Data Handling with R and SQL
preface 이번 포스트에서는 R 과 SQL 을 이용하여 데이터프레임을 조작하는 방법을 다룹니다. 많이 쓰이는 대표적인 경우를 R 과 SQL 각각 어떻게 코딩하는지 살펴봅니다.
다음 자료를 참고하였습니다:
- https://cran.r-project.org/web/packages/sqldf/index.html
- 위 링크에 있는 Reference manual 의 예제를 변형하였습니다.
sqldf 패키지 설치
일반적으로 R 에서 패키지 설치는 R studio 에서 packages > install 통해 가능합니다. 하지만 jupyter notebook 을 통해 R 을 사용하는 경우에는 다음을 입력합시다.

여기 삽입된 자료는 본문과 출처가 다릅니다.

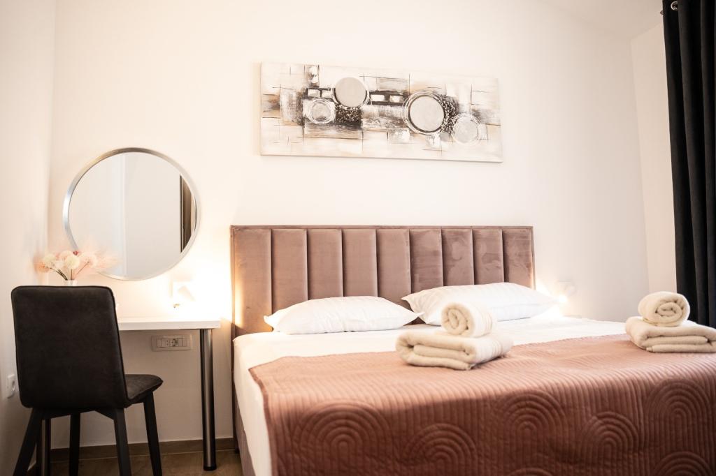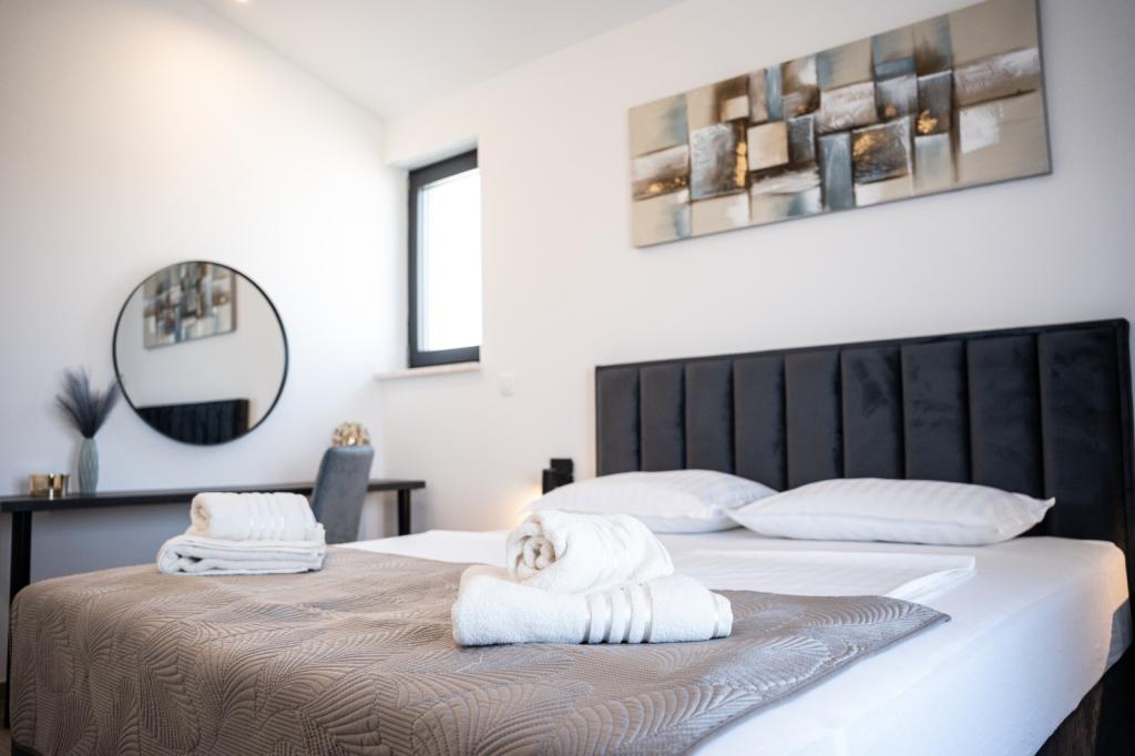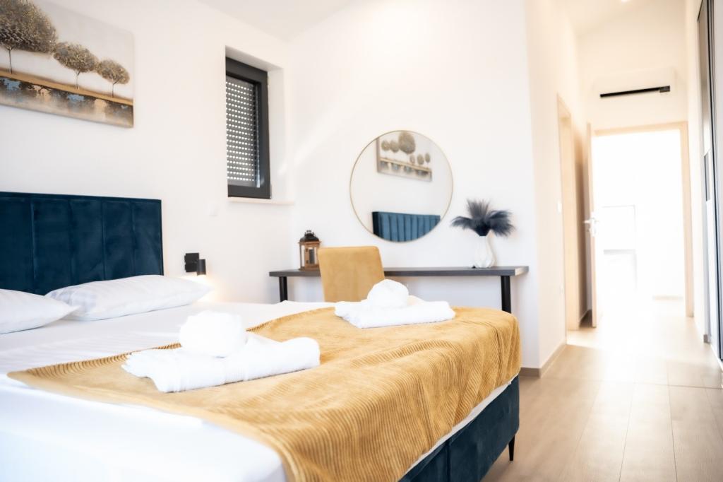 Ta čudovita vila se nahaja v zelo mirnem kraju Rebići, Barban, le 2,5 km od morja, obdana z naravnimi lepotami in zelenjem, in kot taka služi za brezskrbne in popolne počitnice, daleč od mestne gneče, hrupa in prometa. Ob jasnih dneh lahko z balkona v prvem nadstropju hiše vidite morje. Vsaka soba ima svojo teraso za trenutke zasebnosti in miru, ko je to potrebno. Vila je urejena zelo moderno, daje vam vzdušje in toplino doma, zgrajena je bila leta 2023 v zelo modernem stilu in vsebuje tudi zunanji objekt z zunanjo kuhinjo, hladilnikom in dvema žaroma, plin in drva -goreče. Okolje je posebej urejeno v kombinaciji moderne plaže okoli neskončnega bazena velikosti 10 x 3,8 metra in čudovite zelenice, okrašene s starimi oljkami in drugimi raznovrstnimi rastlinami, ki ustvarjajo oazo za sprostitev. na dvorišču so ležalniki, senčniki in dodatni objekti kot so namizni tenis, namizni nogomet.

install.packages('sqldf', repos='http://cran.us.r-project.org')
샘플 데이터 생성
대부분의 경우 IRIS 데이터를 샘플로 사용합니다. sqldf
를 사용하면 db를 따로 만드는 번거로움을 생략할 수 있지만, 어쩐일인지 요즘 제 컴퓨터에서 sqldf
가 에러가 나는 관계로 RSQLite
를 사용하겠습니다.
# These examples show how to run a variety of data frame manipulations
# in R without SQL and then again with SQL
library(sqldf)
library(RSQLite)
dfIRIS <- iris
fctr.cols <- sapply(dfIRIS, is.factor)
dfIRIS[, fctr.cols] <- sapply(dfIRIS[, fctr.cols], as.character)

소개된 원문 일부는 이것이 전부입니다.